// --+ options: json=compute nostrict +--

/* REMARKS
** -------
**
** Please, firt read the content of contrib1.mod.
**
** I consider the same model as in contrib1.mod, but here we want to obtain the contributions of
** the variables to `ffr` at all lags (individually). To do this we need to add variables for all
** the lags, add corresponding equations (defining the new variables) and add the new variables
** in the dseries objects.
*/

// Declaration of the endogenous variables
var ffr, unrate, cpi;

// Define additional variables
var ffr_lag_1, ffr_lag_2, ffr_lag_3, unrate_lag_1, cpi_lag_4;

// Declaration of the exogenous variables
varexo e_ffr, e_unrate, e_cpi;


// Declare the parameters appearing in the equation to be decomposed.
parameters p_ffr_ffr_lag_1 p_ffr_ffr_lag_2 p_ffr_ffr_lag_3 p_ffr_unrate_lag_1 p_ffr_cpi_lag_4;

// Declaration of the model.

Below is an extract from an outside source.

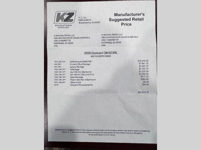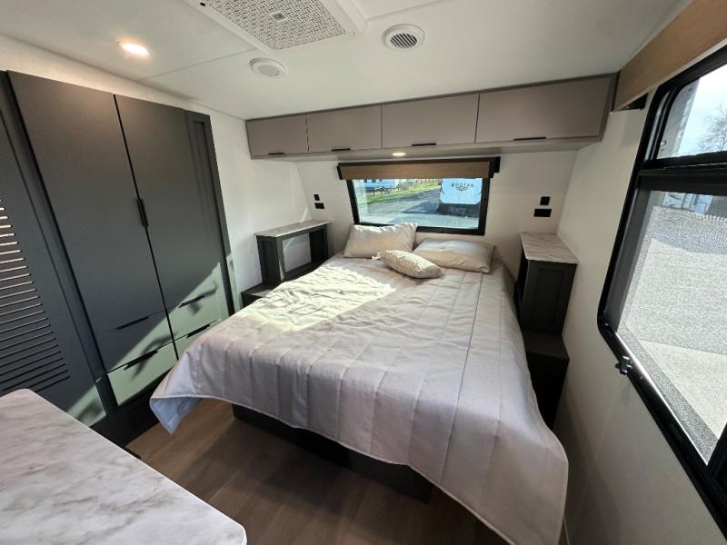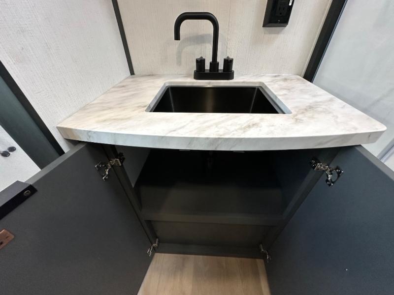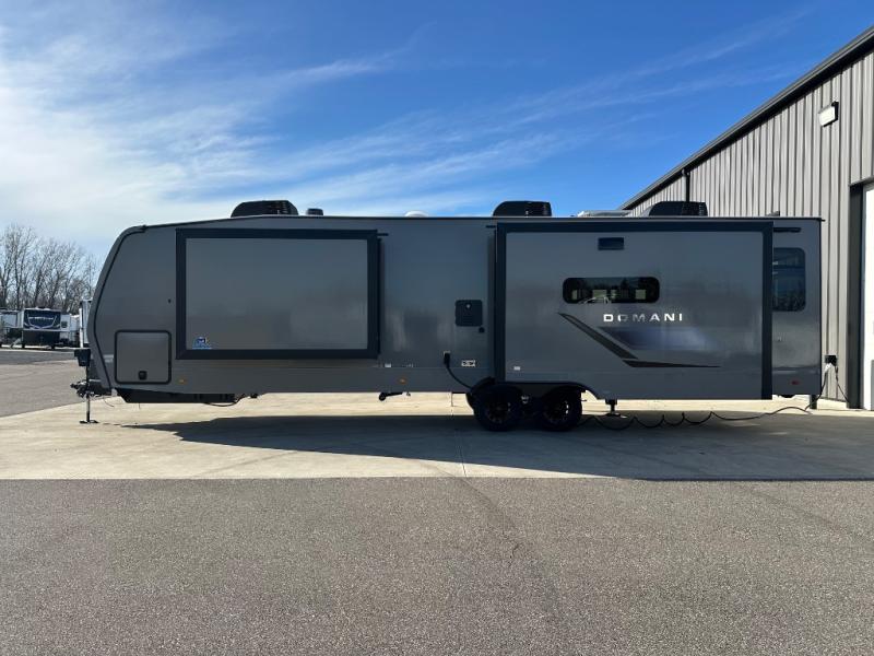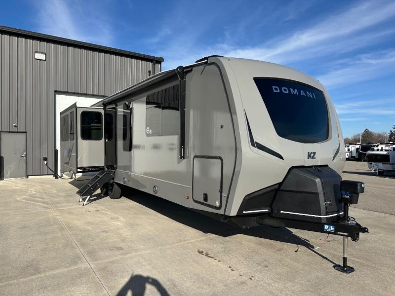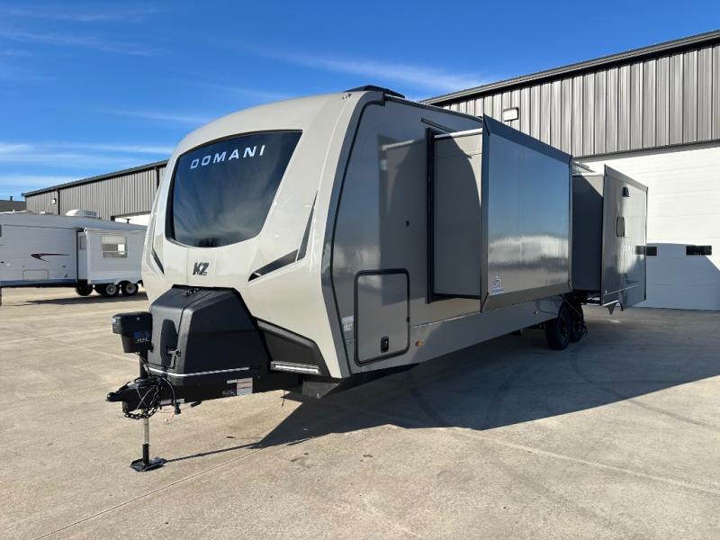 The KZ RV Domani travel trailers are built to deliver comfort and convenience on every trip, this trailer stands out with its durable aluminum framing and laminated sidewalls that provide long-lasting strength and stability. The Climate Insulation Package, featuring a heated, enclosed, and insulated underbelly, allows you to travel confidently in a variety of weather conditions. Inside, the spacious 10 cu. ft. 12V GE refrigerator offers ample room for groceries and extended stays, while the solid surface countertops paired with a deep undermount black stainless steel kitchen sink add a touch of residential-style luxury to your cooking space.

Note that you must associate a name to the equations. This is mandatory to
// select the equation for which you need to perform the decomposition.
model;

[name='ffr']
     //ffr = adl(ffr, 'p_ffr_ffr', [1:3]) + adl(unrate, 'p_ffr_unrate', 1) + adl(cpi, 'p_ffr_cpi', [4]);
     ffr = p_ffr_ffr_lag_1*ffr_lag_1 + p_ffr_ffr_lag_2*ffr_lag_2 + p_ffr_ffr_lag_3*ffr_lag_3
           + p_ffr_unrate_lag_1*unrate_lag_1
           + p_ffr_cpi_lag_4*cpi_lag_4;

[name='unrate']
     unrate = adl(unrate, 'p_ffr_unrate', [4 2 5]) + adl(cpi, 'p_unrate_cpi', 6);

[name='cpi']
     cpi = adl(ffr, 'p_cpi_ffr', 2) + adl(cpi, 'p_cpi_cpi', [2]);

// Definitions of the auxiliary variables (we don't need names for these equations).
ffr_lag_1 = ffr(-1);
ffr_lag_2 = ffr(-2);
ffr_lag_3 = ffr(-3);
unrate_lag_1 = unrate(-1);
cpi_lag_4 = cpi(-4);

end;

// Implicit parameters associated to the adl command must be calibrated after the model block.
p_ffr_ffr_lag_1 = 1;
p_ffr_ffr_lag_2 = p_ffr_ffr_lag_1*.5;
p_ffr_ffr_lag_3 = p_ffr_ffr_lag_2*.5;
p_ffr_unrate_lag_1 = 2;
p_ffr_cpi_lag_4 = 3;

// Actual paths for the variables. You migth instead do a stochastic simulation of the model
// to define these paths.
ds1 = dseries(randn(30, 3), 1990Q1, {'ffr', 'unrate', 'cpi'});

// Create auxiliary variables as dseries objects
verbatim;

  ffr_lag_1 = dseries(ds1.ffr(-1).data, ds1.firstdate, 'ffr_lag_1');
  ffr_lag_2 = dseries(ds1.ffr(-2).data, ds1.firstdate, 'ffr_lag_2');
  ffr_lag_3 = dseries(ds1.ffr(-3).data, ds1.firstdate, 'ffr_lag_3');
  unrate_lag_1 = dseries(ds1.unrate(-1).data, ds1.firstdate, 'unrate_lag_1');
  cpi_lag_4 = dseries(ds1.cpi(-4).data, ds1.firstdate, 'cpi_lag_4');

end;

// Put them in ds1
ds1 = [ds1, ffr_lag_1, ffr_lag_2, ffr_lag_3, unrate_lag_1, cpi_lag_4];

// Baseline paths for the variables.
ds0 = dseries(zeros(30, 8), 1990Q1, {'ffr', 'unrate', 'cpi', 'ffr_lag_1', 'ffr_lag_2', 'ffr_lag_3', 'unrate_lag_1', 'cpi_lag_4'});

/* Trigger the decomposition in levels of an equation
**
** - First argument (ffr) is the name of the equation to be decomposed.
** - Second argument (ds1) is a dseries object containing the actual paths of the endogenous and exogenous variables.
** - Third argument (ds0) is a dseries object containing the baseline paths of the endogenous and exogenous variables.
**
** If there is no error (missing variables, undefined equations, ...) a figure will pop up with displaying the
** contributions of the variables appearing on the right hand side of equation `ffr`.
*/

plot_contributions ffr ds1 ds0 ;